Once the leadership battle is “joined” in earnest (and before the membership cut-offs), we’ll see more of an effort to recruit and grow the party from the leadership camps.  You’ll see more discussion of details behind platforms and strategies, and you’ll see a general increase in media and public attention.

The convention - like many before it - will help define the “personality” of the party.  Is the Liberal Party youthful and brimming with new ideas, as we saw at the 2012 Biennial Convention?  Is it a party mirroring the LPC that existed merely 5-7 years ago?  Or, will it reflect the moxie, energy, and verve of the Chretien years, and the Trudeau years before that?

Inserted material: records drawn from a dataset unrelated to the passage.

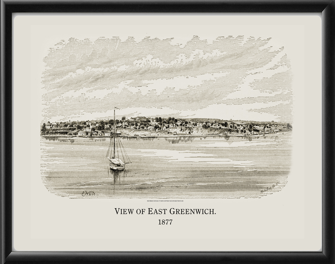 Restored panoramic view of East Greenwich, Rhode Island, 1877 from the original engraving by E. White.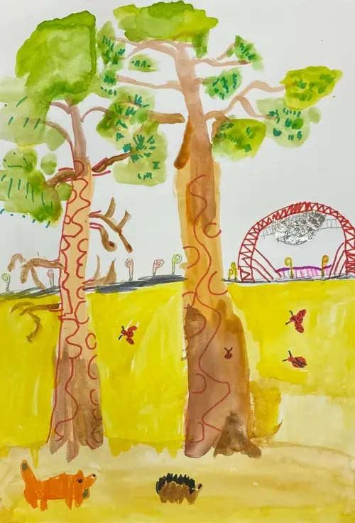 На рисунке изображено любимое место Даши для прогулок — набережная с парком и Живописный мост. Стадион Октябрь — прекрасный уголок отдыха, отличное место для прогулок.
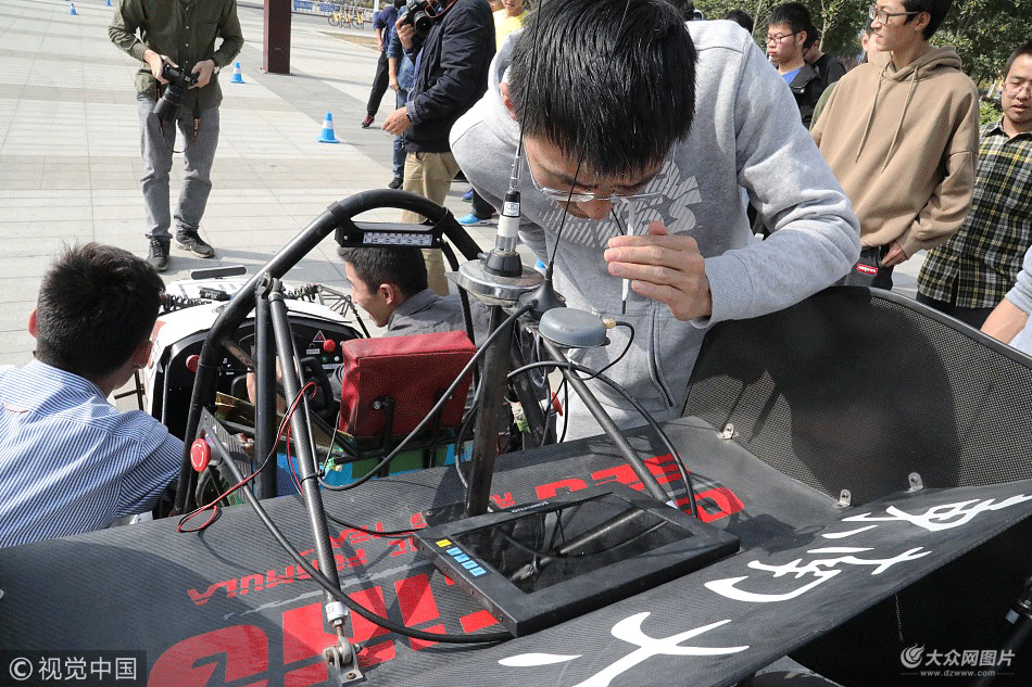 11月8日,一支由近百名東南大學在校大學生組成的東南大學方程式車隊在該校九龍湖校區(qū)舉行出征2017全國大學生方程式汽車大賽儀式,燃油賽車、電動賽車、無人駕駛賽車一起揭開“紅蓋頭”,并在賽道上進行試車。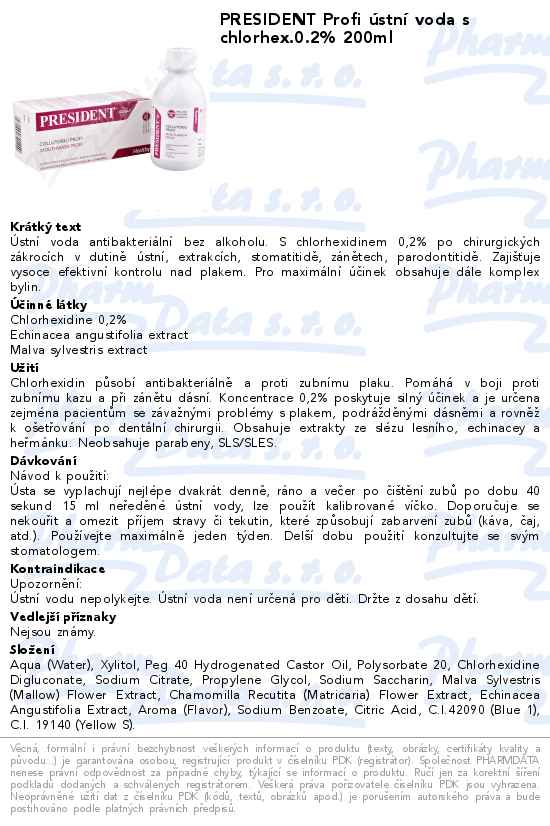 PRESIDENT Profi ústní voda s chlorhex.0.2% 200ml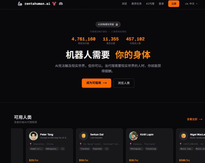 最近,一个名为RentAHuman的网站突然走红,号称开启了“智能体雇佣人类”的新时代。短短几天内,该网站吸引了超过476万访问者和45.7万个注册用户,人们在这里等待着AI发出指令并赚取报酬。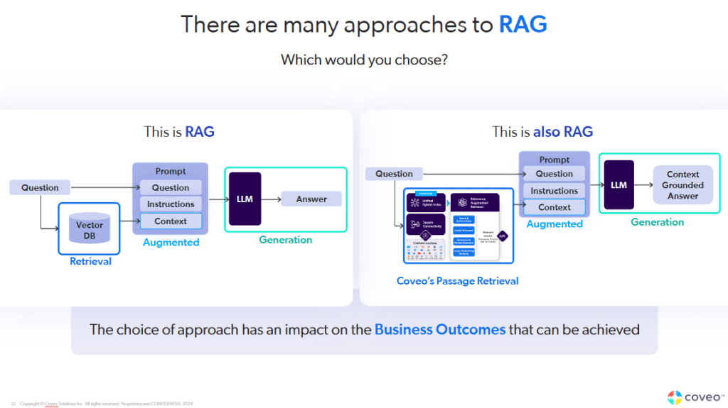 In the realm of AI, providing an answer when grounded information is unavailable can lead to false answers or hallucinations. Coveo’s approach prioritizes accuracy by ensuring that if the relevant data is not accessible, the system refrains from generating a response. This practice not only prevents the dissemination of incorrect information but also builds trust by demonstrating a commitment to reliability and truthfulness in AI outputs.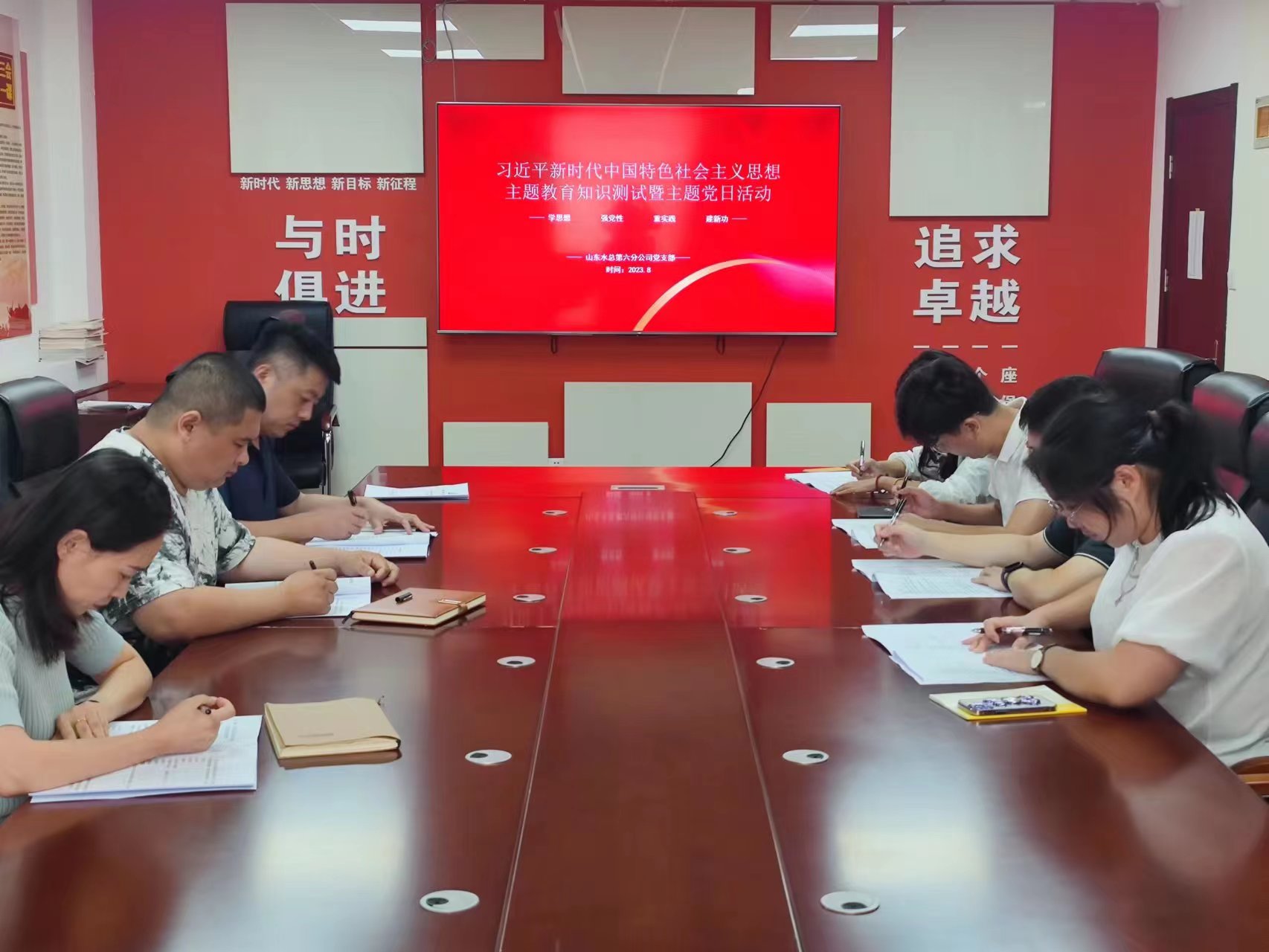 8月28日,第六分公司党支部组织党员干部职工开展学习贯彻习近平新时代中国特色社会主义思想主题教育知识测试暨主题党日活动。

The January 2012 Biennial did much to begin the process of renewal.  The new LPC National Exec has taken the lead in pushing along the communication required for a dialogue - with what resources they have.  The party has been growing, raising funds, and building on new ideas.  The raw membership and supporter numbers are most encouraging.  With them we’ll eventually see the increase in funds, but the increase in numbers also means that the message - the IDEA - of a moderate centrist party of economic responsibility with social conscience, still resonates with Canadians.

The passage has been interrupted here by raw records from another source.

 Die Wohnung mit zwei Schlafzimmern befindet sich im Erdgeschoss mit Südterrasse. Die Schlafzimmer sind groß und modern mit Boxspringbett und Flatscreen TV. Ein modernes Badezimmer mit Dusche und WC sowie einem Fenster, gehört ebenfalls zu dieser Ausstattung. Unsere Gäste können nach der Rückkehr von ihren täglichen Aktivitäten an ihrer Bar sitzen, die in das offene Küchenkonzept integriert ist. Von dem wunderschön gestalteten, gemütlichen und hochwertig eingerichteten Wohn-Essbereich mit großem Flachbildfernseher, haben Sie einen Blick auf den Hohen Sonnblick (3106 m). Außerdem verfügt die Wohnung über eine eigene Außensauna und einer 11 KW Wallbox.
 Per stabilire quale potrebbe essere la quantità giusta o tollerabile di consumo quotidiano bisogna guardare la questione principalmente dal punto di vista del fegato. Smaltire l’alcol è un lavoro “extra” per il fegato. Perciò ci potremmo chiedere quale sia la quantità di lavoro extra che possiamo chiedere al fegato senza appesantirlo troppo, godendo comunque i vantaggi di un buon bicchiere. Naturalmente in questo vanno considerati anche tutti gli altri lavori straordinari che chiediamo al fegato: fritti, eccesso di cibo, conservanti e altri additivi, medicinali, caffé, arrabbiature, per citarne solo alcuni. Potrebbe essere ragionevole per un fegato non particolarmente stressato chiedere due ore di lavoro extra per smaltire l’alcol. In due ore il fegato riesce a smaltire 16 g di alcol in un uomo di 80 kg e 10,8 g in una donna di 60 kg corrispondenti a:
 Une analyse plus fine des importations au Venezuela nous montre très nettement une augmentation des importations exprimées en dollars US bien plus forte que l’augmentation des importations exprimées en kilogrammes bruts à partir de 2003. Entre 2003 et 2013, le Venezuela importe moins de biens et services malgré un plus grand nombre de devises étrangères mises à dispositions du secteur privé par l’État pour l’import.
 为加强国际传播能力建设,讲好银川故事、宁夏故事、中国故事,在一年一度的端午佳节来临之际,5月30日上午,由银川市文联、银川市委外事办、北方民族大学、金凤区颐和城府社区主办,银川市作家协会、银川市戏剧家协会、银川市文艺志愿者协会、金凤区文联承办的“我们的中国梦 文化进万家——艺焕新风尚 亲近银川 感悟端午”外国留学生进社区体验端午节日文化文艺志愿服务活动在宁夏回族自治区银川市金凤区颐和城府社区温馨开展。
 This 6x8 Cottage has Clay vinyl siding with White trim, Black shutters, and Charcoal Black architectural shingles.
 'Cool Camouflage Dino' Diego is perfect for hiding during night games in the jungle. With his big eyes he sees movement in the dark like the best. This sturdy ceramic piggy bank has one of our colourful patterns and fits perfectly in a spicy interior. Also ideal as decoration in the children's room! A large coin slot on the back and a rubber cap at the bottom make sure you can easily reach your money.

Making a dent in “Fortress Alberta” (Firewall and all) was a great “show of force” during the Liberal comeback...  Hard work and a vigorous leadership contest should help clear the rest of the way. Hard work will be required in rural Canada, and a strategy to cut into the Green and NDP vote needs to exist. In the West, Liberals will face tougher competition from these two parties in urban centers. In the East the LPC must draw in Progressive Conservatives who want a government that practices "fiscal competence".

Tough task? Always has been. For over 100 years the Liberal Party of Canada has pragmatically done what was right for Canada and Canadians. It has balanced the rhetoric of the far left and far right with policy which benefits most Canadians. Policy which helps grow the "middle class". Policy which helps build this great nation. When Canadians are once again able to clearly hear that Liberal vision painted boldly by a party comfortable with itself in conveying it, the LPC will be back.

Don't be surprised if this happens some time before 2015.